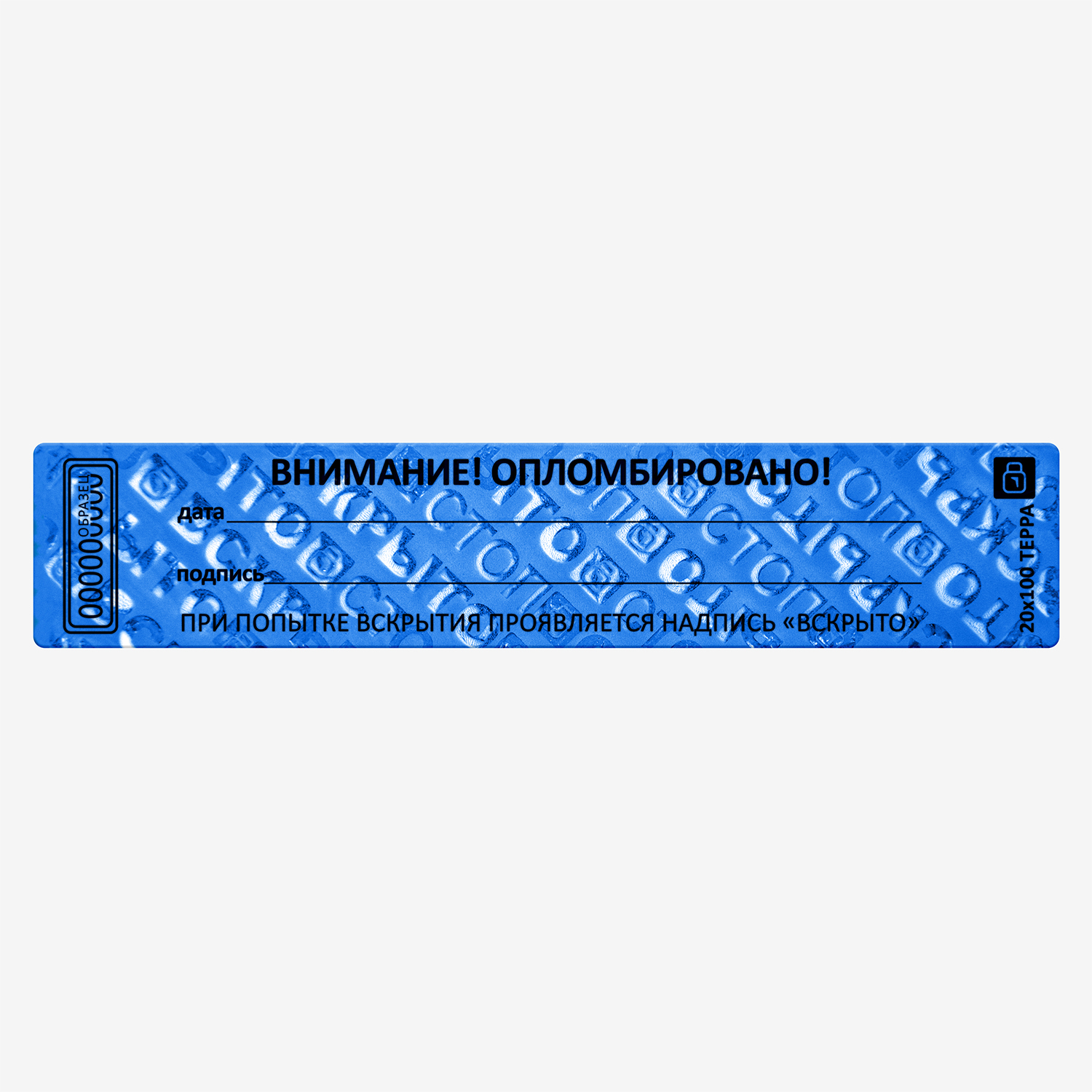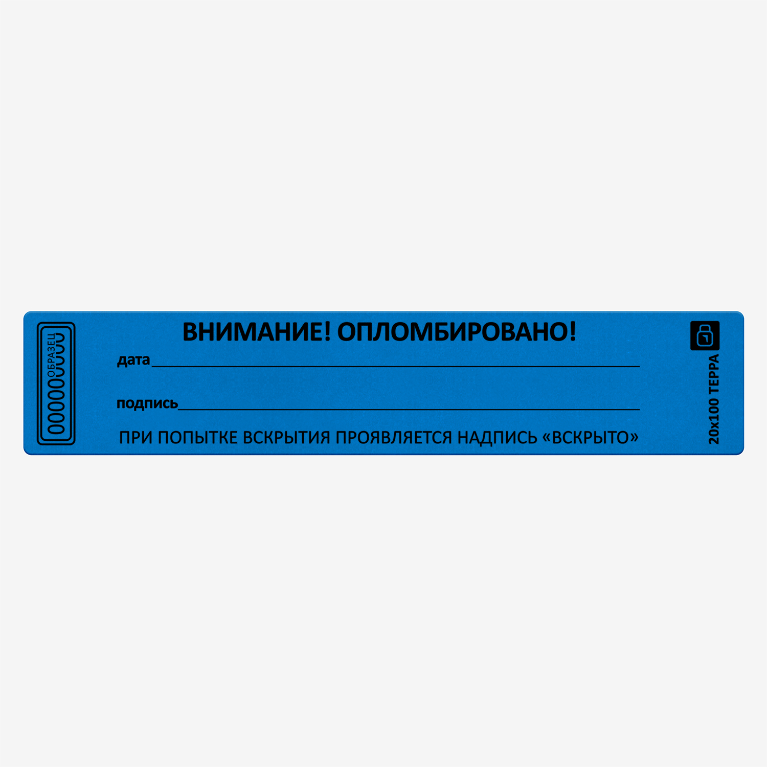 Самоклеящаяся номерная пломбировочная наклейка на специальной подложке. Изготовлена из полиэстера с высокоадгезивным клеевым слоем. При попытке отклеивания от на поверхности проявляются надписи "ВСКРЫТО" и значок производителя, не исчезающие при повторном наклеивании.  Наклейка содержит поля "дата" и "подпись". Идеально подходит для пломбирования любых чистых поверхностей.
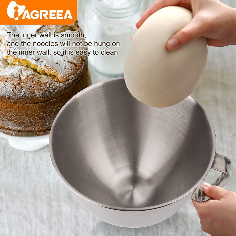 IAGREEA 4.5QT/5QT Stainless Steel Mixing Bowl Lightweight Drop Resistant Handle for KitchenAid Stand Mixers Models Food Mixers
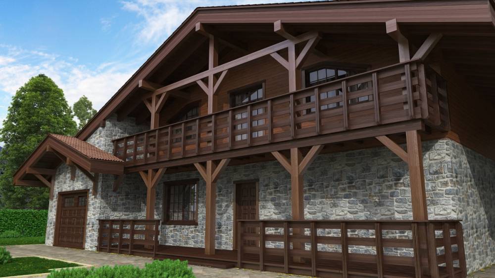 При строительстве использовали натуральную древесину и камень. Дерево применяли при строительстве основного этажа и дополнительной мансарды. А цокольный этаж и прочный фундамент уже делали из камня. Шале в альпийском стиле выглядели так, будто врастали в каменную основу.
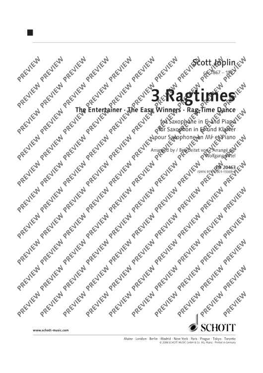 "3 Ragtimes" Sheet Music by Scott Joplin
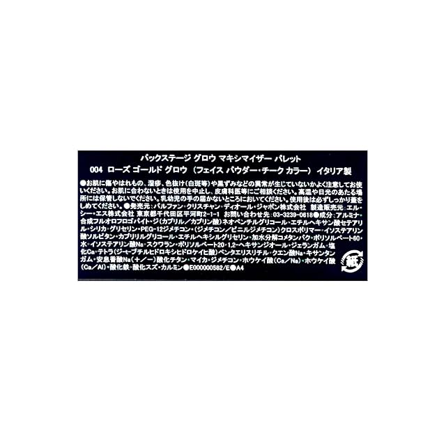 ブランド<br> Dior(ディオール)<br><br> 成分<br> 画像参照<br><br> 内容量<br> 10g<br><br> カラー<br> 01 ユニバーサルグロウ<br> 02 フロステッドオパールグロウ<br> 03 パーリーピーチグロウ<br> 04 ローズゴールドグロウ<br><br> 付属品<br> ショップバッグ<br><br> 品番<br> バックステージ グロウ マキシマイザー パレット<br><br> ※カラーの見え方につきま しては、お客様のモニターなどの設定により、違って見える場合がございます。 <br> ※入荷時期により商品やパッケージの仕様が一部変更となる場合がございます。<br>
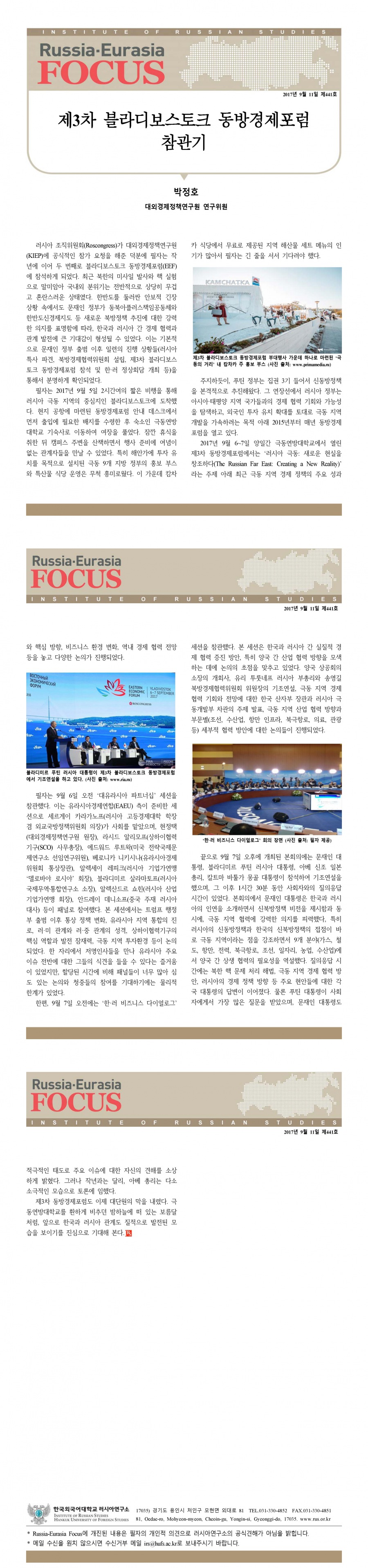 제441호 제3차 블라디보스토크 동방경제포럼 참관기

WORK ORDER:
Reproduce the material word for word, but without its images.

RESULT OF THE TASK:
 Самоклеящаяся номерная пломбировочная наклейка на специальной подложке. Изготовлена из полиэстера с высокоадгезивным клеевым слоем. При попытке отклеивания от на поверхности проявляются надписи "ВСКРЫТО" и значок производителя, не исчезающие при повторном наклеивании.  Наклейка содержит поля "дата" и "подпись". Идеально подходит для пломбирования любых чистых поверхностей.
 IAGREEA 4.5QT/5QT Stainless Steel Mixing Bowl Lightweight Drop Resistant Handle for KitchenAid Stand Mixers Models Food Mixers
 При строительстве использовали натуральную древесину и камень. Дерево применяли при строительстве основного этажа и дополнительной мансарды. А цокольный этаж и прочный фундамент уже делали из камня. Шале в альпийском стиле выглядели так, будто врастали в каменную основу.
 "3 Ragtimes" Sheet Music by Scott Joplin
 ブランド<br> Dior(ディオール)<br><br> 成分<br> 画像参照<br><br> 内容量<br> 10g<br><br> カラー<br> 01 ユニバーサルグロウ<br> 02 フロステッドオパールグロウ<br> 03 パーリーピーチグロウ<br> 04 ローズゴールドグロウ<br><br> 付属品<br> ショップバッグ<br><br> 品番<br> バックステージ グロウ マキシマイザー パレット<br><br> ※カラーの見え方につきま しては、お客様のモニターなどの設定により、違って見える場合がございます。 <br> ※入荷時期により商品やパッケージの仕様が一部変更となる場合がございます。<br>
 제441호 제3차 블라디보스토크 동방경제포럼 참관기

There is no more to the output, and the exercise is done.